What is required – Each of the records must appear again, exactly as it was written.

(Records contained in a dataset)
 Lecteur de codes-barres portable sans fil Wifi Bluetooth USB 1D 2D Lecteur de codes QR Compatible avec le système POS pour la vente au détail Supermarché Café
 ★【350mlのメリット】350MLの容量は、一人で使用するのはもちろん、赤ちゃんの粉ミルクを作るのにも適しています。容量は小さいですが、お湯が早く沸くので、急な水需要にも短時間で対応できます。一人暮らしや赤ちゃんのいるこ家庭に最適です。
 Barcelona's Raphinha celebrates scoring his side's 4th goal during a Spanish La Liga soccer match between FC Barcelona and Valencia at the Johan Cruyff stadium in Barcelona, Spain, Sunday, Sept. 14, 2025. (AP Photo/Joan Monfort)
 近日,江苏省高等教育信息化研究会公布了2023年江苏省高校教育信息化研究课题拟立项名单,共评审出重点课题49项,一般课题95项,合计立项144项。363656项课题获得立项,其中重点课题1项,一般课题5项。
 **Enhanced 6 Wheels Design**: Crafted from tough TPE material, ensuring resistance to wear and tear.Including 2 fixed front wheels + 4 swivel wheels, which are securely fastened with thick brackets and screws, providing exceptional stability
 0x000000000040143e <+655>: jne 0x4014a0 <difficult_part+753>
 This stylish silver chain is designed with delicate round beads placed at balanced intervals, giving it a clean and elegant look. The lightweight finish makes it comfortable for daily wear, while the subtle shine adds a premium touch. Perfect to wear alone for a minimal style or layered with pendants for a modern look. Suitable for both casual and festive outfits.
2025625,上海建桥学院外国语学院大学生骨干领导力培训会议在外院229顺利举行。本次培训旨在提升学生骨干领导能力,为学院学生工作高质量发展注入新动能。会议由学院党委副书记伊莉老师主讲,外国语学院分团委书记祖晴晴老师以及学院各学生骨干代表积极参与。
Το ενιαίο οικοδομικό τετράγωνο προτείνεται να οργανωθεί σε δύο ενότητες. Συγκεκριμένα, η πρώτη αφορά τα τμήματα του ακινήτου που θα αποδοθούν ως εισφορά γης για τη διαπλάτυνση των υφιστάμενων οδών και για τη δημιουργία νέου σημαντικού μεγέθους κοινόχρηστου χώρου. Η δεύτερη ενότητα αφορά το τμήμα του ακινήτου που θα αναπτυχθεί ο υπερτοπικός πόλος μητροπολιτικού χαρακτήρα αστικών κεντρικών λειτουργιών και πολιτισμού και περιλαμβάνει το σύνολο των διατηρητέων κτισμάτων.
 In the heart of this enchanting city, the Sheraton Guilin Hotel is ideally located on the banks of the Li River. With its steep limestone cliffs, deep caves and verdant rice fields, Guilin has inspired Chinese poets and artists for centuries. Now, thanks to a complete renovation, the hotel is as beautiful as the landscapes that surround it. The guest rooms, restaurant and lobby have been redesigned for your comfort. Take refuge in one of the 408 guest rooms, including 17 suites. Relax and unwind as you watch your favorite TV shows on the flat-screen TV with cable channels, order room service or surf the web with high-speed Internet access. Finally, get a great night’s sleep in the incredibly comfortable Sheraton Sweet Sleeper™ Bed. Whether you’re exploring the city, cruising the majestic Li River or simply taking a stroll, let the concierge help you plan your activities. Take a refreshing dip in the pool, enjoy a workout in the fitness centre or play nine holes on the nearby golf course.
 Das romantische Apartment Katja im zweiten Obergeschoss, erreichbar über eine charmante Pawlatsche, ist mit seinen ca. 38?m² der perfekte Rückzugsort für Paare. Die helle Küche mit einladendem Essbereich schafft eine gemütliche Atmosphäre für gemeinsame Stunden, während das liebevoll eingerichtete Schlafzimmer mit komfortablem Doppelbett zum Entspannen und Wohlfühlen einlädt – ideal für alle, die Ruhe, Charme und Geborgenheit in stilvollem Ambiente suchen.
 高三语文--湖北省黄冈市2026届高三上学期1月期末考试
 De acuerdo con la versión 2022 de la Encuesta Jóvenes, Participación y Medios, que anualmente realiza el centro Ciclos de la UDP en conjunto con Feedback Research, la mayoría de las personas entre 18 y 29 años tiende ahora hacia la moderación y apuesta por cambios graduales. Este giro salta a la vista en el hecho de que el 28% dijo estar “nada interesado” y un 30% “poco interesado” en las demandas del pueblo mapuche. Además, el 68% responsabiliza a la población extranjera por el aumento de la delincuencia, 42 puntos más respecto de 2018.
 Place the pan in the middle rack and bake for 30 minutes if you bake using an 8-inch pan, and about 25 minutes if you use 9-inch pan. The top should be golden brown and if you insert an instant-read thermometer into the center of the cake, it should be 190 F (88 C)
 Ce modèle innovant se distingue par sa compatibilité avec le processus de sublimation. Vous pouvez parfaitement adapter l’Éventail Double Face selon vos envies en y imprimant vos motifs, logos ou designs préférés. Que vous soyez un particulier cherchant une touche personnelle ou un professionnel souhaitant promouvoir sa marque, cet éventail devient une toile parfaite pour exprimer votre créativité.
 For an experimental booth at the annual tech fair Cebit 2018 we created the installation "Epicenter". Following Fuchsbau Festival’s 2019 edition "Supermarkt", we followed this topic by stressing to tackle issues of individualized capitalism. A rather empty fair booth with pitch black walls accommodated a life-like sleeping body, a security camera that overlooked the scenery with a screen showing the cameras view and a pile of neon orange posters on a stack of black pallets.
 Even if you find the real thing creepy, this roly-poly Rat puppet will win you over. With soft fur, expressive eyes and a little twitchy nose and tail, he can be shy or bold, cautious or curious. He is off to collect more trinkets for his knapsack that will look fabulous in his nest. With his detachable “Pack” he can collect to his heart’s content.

Exercise result –
 Lecteur de codes-barres portable sans fil Wifi Bluetooth USB 1D 2D Lecteur de codes QR Compatible avec le système POS pour la vente au détail Supermarché Café
 ★【350mlのメリット】350MLの容量は、一人で使用するのはもちろん、赤ちゃんの粉ミルクを作るのにも適しています。容量は小さいですが、お湯が早く沸くので、急な水需要にも短時間で対応できます。一人暮らしや赤ちゃんのいるこ家庭に最適です。
 Barcelona's Raphinha celebrates scoring his side's 4th goal during a Spanish La Liga soccer match between FC Barcelona and Valencia at the Johan Cruyff stadium in Barcelona, Spain, Sunday, Sept. 14, 2025. (AP Photo/Joan Monfort)
 近日,江苏省高等教育信息化研究会公布了2023年江苏省高校教育信息化研究课题拟立项名单,共评审出重点课题49项,一般课题95项,合计立项144项。363656项课题获得立项,其中重点课题1项,一般课题5项。
 **Enhanced 6 Wheels Design**: Crafted from tough TPE material, ensuring resistance to wear and tear.Including 2 fixed front wheels + 4 swivel wheels, which are securely fastened with thick brackets and screws, providing exceptional stability
 0x000000000040143e <+655>: jne 0x4014a0 <difficult_part+753>
 This stylish silver chain is designed with delicate round beads placed at balanced intervals, giving it a clean and elegant look. The lightweight finish makes it comfortable for daily wear, while the subtle shine adds a premium touch. Perfect to wear alone for a minimal style or layered with pendants for a modern look. Suitable for both casual and festive outfits.
2025625,上海建桥学院外国语学院大学生骨干领导力培训会议在外院229顺利举行。本次培训旨在提升学生骨干领导能力,为学院学生工作高质量发展注入新动能。会议由学院党委副书记伊莉老师主讲,外国语学院分团委书记祖晴晴老师以及学院各学生骨干代表积极参与。
Το ενιαίο οικοδομικό τετράγωνο προτείνεται να οργανωθεί σε δύο ενότητες. Συγκεκριμένα, η πρώτη αφορά τα τμήματα του ακινήτου που θα αποδοθούν ως εισφορά γης για τη διαπλάτυνση των υφιστάμενων οδών και για τη δημιουργία νέου σημαντικού μεγέθους κοινόχρηστου χώρου. Η δεύτερη ενότητα αφορά το τμήμα του ακινήτου που θα αναπτυχθεί ο υπερτοπικός πόλος μητροπολιτικού χαρακτήρα αστικών κεντρικών λειτουργιών και πολιτισμού και περιλαμβάνει το σύνολο των διατηρητέων κτισμάτων.
 In the heart of this enchanting city, the Sheraton Guilin Hotel is ideally located on the banks of the Li River. With its steep limestone cliffs, deep caves and verdant rice fields, Guilin has inspired Chinese poets and artists for centuries. Now, thanks to a complete renovation, the hotel is as beautiful as the landscapes that surround it. The guest rooms, restaurant and lobby have been redesigned for your comfort. Take refuge in one of the 408 guest rooms, including 17 suites. Relax and unwind as you watch your favorite TV shows on the flat-screen TV with cable channels, order room service or surf the web with high-speed Internet access. Finally, get a great night’s sleep in the incredibly comfortable Sheraton Sweet Sleeper™ Bed. Whether you’re exploring the city, cruising the majestic Li River or simply taking a stroll, let the concierge help you plan your activities. Take a refreshing dip in the pool, enjoy a workout in the fitness centre or play nine holes on the nearby golf course.
 Das romantische Apartment Katja im zweiten Obergeschoss, erreichbar über eine charmante Pawlatsche, ist mit seinen ca. 38?m² der perfekte Rückzugsort für Paare. Die helle Küche mit einladendem Essbereich schafft eine gemütliche Atmosphäre für gemeinsame Stunden, während das liebevoll eingerichtete Schlafzimmer mit komfortablem Doppelbett zum Entspannen und Wohlfühlen einlädt – ideal für alle, die Ruhe, Charme und Geborgenheit in stilvollem Ambiente suchen.
 高三语文--湖北省黄冈市2026届高三上学期1月期末考试
 De acuerdo con la versión 2022 de la Encuesta Jóvenes, Participación y Medios, que anualmente realiza el centro Ciclos de la UDP en conjunto con Feedback Research, la mayoría de las personas entre 18 y 29 años tiende ahora hacia la moderación y apuesta por cambios graduales. Este giro salta a la vista en el hecho de que el 28% dijo estar “nada interesado” y un 30% “poco interesado” en las demandas del pueblo mapuche. Además, el 68% responsabiliza a la población extranjera por el aumento de la delincuencia, 42 puntos más respecto de 2018.
 Place the pan in the middle rack and bake for 30 minutes if you bake using an 8-inch pan, and about 25 minutes if you use 9-inch pan. The top should be golden brown and if you insert an instant-read thermometer into the center of the cake, it should be 190 F (88 C)
 Ce modèle innovant se distingue par sa compatibilité avec le processus de sublimation. Vous pouvez parfaitement adapter l’Éventail Double Face selon vos envies en y imprimant vos motifs, logos ou designs préférés. Que vous soyez un particulier cherchant une touche personnelle ou un professionnel souhaitant promouvoir sa marque, cet éventail devient une toile parfaite pour exprimer votre créativité.
 For an experimental booth at the annual tech fair Cebit 2018 we created the installation "Epicenter". Following Fuchsbau Festival’s 2019 edition "Supermarkt", we followed this topic by stressing to tackle issues of individualized capitalism. A rather empty fair booth with pitch black walls accommodated a life-like sleeping body, a security camera that overlooked the scenery with a screen showing the cameras view and a pile of neon orange posters on a stack of black pallets.
 Even if you find the real thing creepy, this roly-poly Rat puppet will win you over. With soft fur, expressive eyes and a little twitchy nose and tail, he can be shy or bold, cautious or curious. He is off to collect more trinkets for his knapsack that will look fabulous in his nest. With his detachable “Pack” he can collect to his heart’s content.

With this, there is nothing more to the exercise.